The construction of Y Cob was sponsored by William Alexander Madocks (1773-1828), who was Member of Parliament for Boston in Lincolnshire 1802-20. In Wales he owned the Penmorfa Estate and founded the Gwenydd towns of Porthmadog and Tremadog. His idea was to build the causeway as part of a longer coastal transport route and to use for agriculture the Traeth Mawr (great beach) it encloses.
In 1807, Madocks obtained a private Act of Parliament to enable construction of the embankment. His engineer was John Williams (c.1778-1850) of Anglesey, who worked with Madocks on a number of projects.
The 1.3km long causeway was intended to reclaim 2,830 hectares of land from the tidal Afon Glaslyn. Its eastern end is at Boston Lodge on the hilly peninsula of Penrhynisaf and its western end is on the small island of Ynys Tywyn. Barracks were erected at both places to house the workforce.
The embankment was constructed by tipping stone from two 914mm (3ft) gauge tracks carried on piled timber trestles. Tidal forces and the river flow meant that the rocks did not settle into the seabed and were carried away almost as soon as they were laid. Madocks and Williams overcame this by placing the stones onto a layer of rush matting, which prevented wave erosion, a technique that Madocks may have learned in Lincolnshire.
When the 6.4m high embankment was completed, its base was 27.4m wide and its top 5.5m wide. The river was diverted into the passage between island and mainland (now spanned by Britannia Bridge), scouring the channel that became Porthmadog Harbour.
Y Cob opened on 17th September 1811, having cost around £60,000 to construct. Horse-drawn vehicles were charged a toll of one shilling (5p) and other users sixpence, amounts fixed by the 1807 Act. The fees were collected from the toll house (SH584379) at the east end, opposite Boston Lodge.
In February 1812, a severe storm breached the embankment and major repairs were required. Madocks had overspent on the original construction and was in financial difficulties. However, the road had already become a vital link and it’s reported that some 900 men from north Wales, accompanied by more than 700 horses, offered their labour to repair the damage. By 1814, Y Cob was open to traffic once more.
The Ffestiniog Railway (NPRN 34660) was constructed in 1833-36 to transport slates from Blaenau Ffestiniog to Porthmadog Harbour for export, and Y Cob was extended to accommodate both road and railway. In 1836, a lower berm was added to its inland (north) side to carry a new two-lane toll road while the original higher structure was modified to carry the single track of the narrow gauge (597mm or 1ft 11.5in) steam railway, with an adjacent footpath to the north.

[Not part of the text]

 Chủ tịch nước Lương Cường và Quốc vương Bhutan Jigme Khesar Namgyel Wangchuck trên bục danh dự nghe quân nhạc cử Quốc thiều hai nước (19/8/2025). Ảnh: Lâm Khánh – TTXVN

The higher seaward side of the causeway is armoured with substantial rock boulders. The lower inland side has a stone wall with a rock apron at its base, and a partially grassed bank. The levels are separated by a vertical retaining wall constructed of random slate blocks, dry laid perpendicular to the slope. Parapet walls of slate and stone, 500mm to 1m high, run beside the road and railway.

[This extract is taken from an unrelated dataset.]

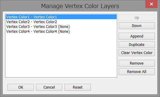 - Returns the Manage Vertex Color Layers dialog box to the state when it was opened.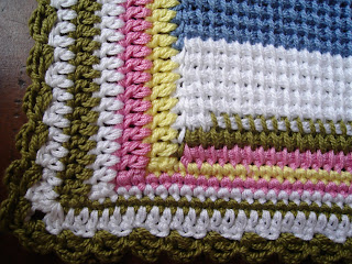 Fiz esse caminho com restos de linhas em crochê tunisiano. Ficou bem colorido e grossinho.O barrado é com ponto alto e um biquinho.

At the east end of Y Cob, steps from the higher level lead down to the shore and the roadway. A through passage, with a semicircular arched roof, was also built under the railway beneath the curve of the tracks approaching Boston Lodge.
In 1946, the slate railway closed. It was restored in stages during 1954-82, and now operates as a heritage line on its original route between Boston Lodge and Blaenau Ffestiniog.
On 28th April 1978, the Rebecca Trust bought Y Cob and donated the proceeds of the 5p tolls to local charities. In February 1991, the causeway was Grade II* listed, by which time the passage under Boston Lodge had been infilled and the seaward side masonry parapet walls rebuilt in concrete.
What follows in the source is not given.